Sosyal Medya

Borsa

KİB Sabah Analizi: Sol kulvardan altın, iki boy geriden gümüş koptu geliyor…

Türk mali piyasaları da, son günlerde FED'den devraldığı iyimserlik mirasını Çin ile daha da perçinledi. Hatta, Cumhurbaşkanı Yardımcısı Yılmaz, bu yıl için yeni bir vergi paketinin söz konusu olmayacağını, borsa ve kripto vergilerinin de gündemlerinden düştüğünü ifade etmesi ardından banka hisseleri öncülüğünde BIST100 endeksi günü %1,4 artıda tamamlarken, bankacılık hisseleri %4'e yakın yükselişle günü tamamladı.

KİB Sabah Analizi: Sol kulvardan altın, iki boy geriden gümüş koptu geliyor…
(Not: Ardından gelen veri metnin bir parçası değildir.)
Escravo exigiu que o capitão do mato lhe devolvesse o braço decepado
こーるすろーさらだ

Küresel mali piyasalar, yeni güne de, tıpkı dün olduğu üzere, Çin’den gelen teşvik paketinin olumlu yansıması ile başlıyor. Hatırlanacağı üzere, geçen hafta bültenimizde, dünyanın fabrikası (büyüme motoru) konumunda olan Çin’de işlerin hiç de yolunda gitmediğini ele almıştık. 2008 Lehman Brothers krizi sonrası düşen küresel talebin yanı sıra, kendi sanayilerini korumak için Çin özelinde uygulanan korumacılık politikalarının da son yıllarda artmasına paralel yüzünü kendi iç pazarına dönen Çin, kaybettiği dış pazarı içeride tetiklemeye çalıştığı büyüme ile bulamazken, beraberinde de zombi şirketlerin sayısının arttığını gözlemliyorum. Bu noktada emlak sektörü devi Evergrande’yi hatırlayacaksınız.
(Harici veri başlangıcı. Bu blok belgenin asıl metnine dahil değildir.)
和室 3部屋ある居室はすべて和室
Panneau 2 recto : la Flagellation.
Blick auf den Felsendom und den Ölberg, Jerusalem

Bir dizi hayal kırıklığı yaratan ve deflasyonist korkuları tetikleyen makroekonomik veriler ardından, Çin Merkez Bankası zorunlu karşılık (ZK) oranını 50 baz puan indirerek 1 trilyon Yuan (~ 142 milyar dolar) likiditeyi tekrar bankacılık sektörünü kullanımına bırakırken (kredi verilebilmesi için taze kaynak) beraberinde faiz oranlarını da indireceğini açıklaması, adeta ‘morfin bağımlısı’ olan (ucuz likidite) piyasaların moralini yükseltti. Çin Merkez Bankasından gelen ekonomiyi yeniden büyüme hedefine yönelik adımı, pandemi döneminden bu yana en büyük teşvik paketini olarak ön plana çıkıyor.
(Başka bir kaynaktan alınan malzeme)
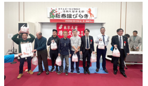
▲今年はお米が当たる抽選会

今年はお米にこだわった賞 品が用意され、こしひかり、 ゆめぴりか、パックスのご飯 などが参加者に当たり、お 米が値上がりしている事も あつて、当選者に喜んで貰 えました。
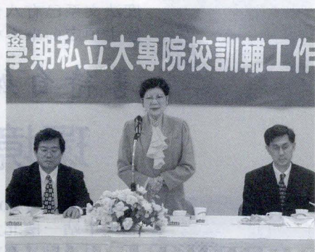
學期私立大專院校訓輔工作

5月22日上午教育部蒞校進行「八十八學年度第二學期私立大專院校訓輔工作經費訪視」，訪視人員包含台大、清大、輔大、高雄科大和教育部多位委員。除由學務處工作簡報外，另有校園參觀、師生及綜合座談。校長亦親臨會場指導。委員們對本校許多特色深感認同，亦提出寶貴的建言，將是我們力求改進的目標。
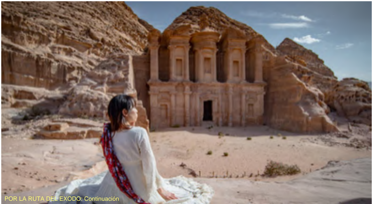
POR LA RUTA DEL EXODO: Continuación

Campo de los Pastores y la Iglesia de la Natividad. Regreso al hotel en Jerusalén y alojamiento.

Çin’den gelen teşvik paketi küresel anlamda risk iştahının artmasına neden olurken, Türk mali piyasaları da, son günlerde FED’den devraldığı iyimserlik mirasını Çin ile daha da perçinledi. Hatta, Cumhurbaşkanı Yardımcısı Yılmaz, bu yıl için yeni bir vergi paketinin söz konusu olmayacağını, borsa ve kripto vergilerinin de gündemlerinden düştüğünü ifade etmesi ardından banka hisseleri öncülüğünde BIST100 endeksi günü %1,4 artıda tamamlarken, bankacılık hisseleri %4’e yakın yükselişle günü tamamladı. Ana endeksin üç hafta sonra psikolojik 10bin seviyesinin üzerine yükselmesini memnuniyetle karşılarken, asıl hareketin ise 10,400 puan seviyesinin aşılması ile başlayacağını düşünüyoruz. USDTRY kuru 34,10’lu seviyelerde salınmaya devam ederken, EUR ve GBP’nin dolar zayıflığı ile yükselmeye devam ettiği dünkü günde TL sepet bazında değer kaybetti. Kraliyet aslanı Sterlin 1,34 seviyesini aşarak son iki buçuk yılın zirvesine yükselirken (emin adımlarla 1,35-1,36 seviyesindeki hedefimize doğru ilerliyor), GBPTRY kuru ise 45,80 seviyesine gelerek tüm zamanların yeni zirvesini test etti.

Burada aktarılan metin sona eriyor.